A global warming pause may be natural, as per researchers, who say any reduction in warming should not be interpreted as a sign anthropogenic warming has lessened.
Shaun Lovejoy of McGill University in Canada performed statistical analysis of global temperatures during the period from 1998 to 2013. The physics professor found a slowing of global warming during these years can be attributed to natural fluctuations.
Temperatures have continued to rise since 1998, although the rate at which they are climbing have been moderated during that period of time. Carbon dioxide levels have continued to rise, even as global warming has slowed over the last 15 years. This pause has led some critics of the idea of anthropogenic warming to claim human activities are not significantly contributing to rising global temperatures.

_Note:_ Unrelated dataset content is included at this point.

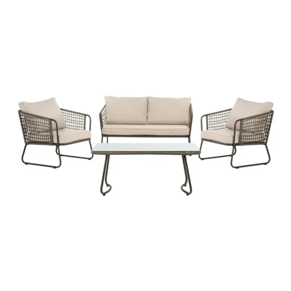 Bring modern elegance and cozy relaxation to your garden, terrace, poolside, or even your living room with this beautifully crafted 4-Piece Outdoor Rope Patio Conversation Loveseat Set. Designed for those who appreciate quality, comfort, and style, this set effortlessly blends indoor sophistication with outdoor durability. Featuring a sleek grey rope design, this patio set includes a two-seater loveseat, two armchairs, and a matching coffee table, offering the perfect setting for morning coffees, evening chats, or weekend lounging. The intricately handwoven rope construction not only adds a stylish contemporary touch but also ensures breathability and flexibility, enhancing your comfort during long seating sessions.

A natural decline of temperature of between 0.5 and 0.67 degrees Fahrenheit has taken place each of the last 15 years, says Lovejoy. Similar cooling patterns occur around once every 20 to 50 years, based on new research.
The method of analysis used in the study was originally developed by Lovejoy, and detailed in the April 2014 of Climate Dynamics. In the earlier investigation, the researcher and his team studies pre-industrial conditions, in order to analyze historical records. From that study, the McGill Physicist was able to conclude - with 99 percent certainty - that global warming in the industrial age is caused by human activities.
Natural cooling periods, like those that could account for a reduction in the rise of global temperatures over the last 15 years, were often seen in historical data collected for the earlier study.
"We find many examples of these variations in pre-industrial temperature reconstructions [using tree rings, ice cores etc.]. Being based on climate records, this approach avoids any biases that might affect the sophisticated computer models that are commonly used for understanding global warming," Lovejoy said.
The scientist also noted a warming period, which lasted from 1992 to 1998, as part of the natural trend that has occurred throughout history.
"The pause thus has a convincing statistical explanation," Lovejoy stated in a press release from McGill University.
This investigation may assist other climate researchers in analyzing trends in precipitation, and well as local variations in climate in different parts of the world. Modeling of future conditions could also benefit from the use of probability theory in the investigation.
Study of global climate fluctuations and their possible contribution to the moderation of rising global temperatures since 1998 was published in the journal Geophysical Research Letters.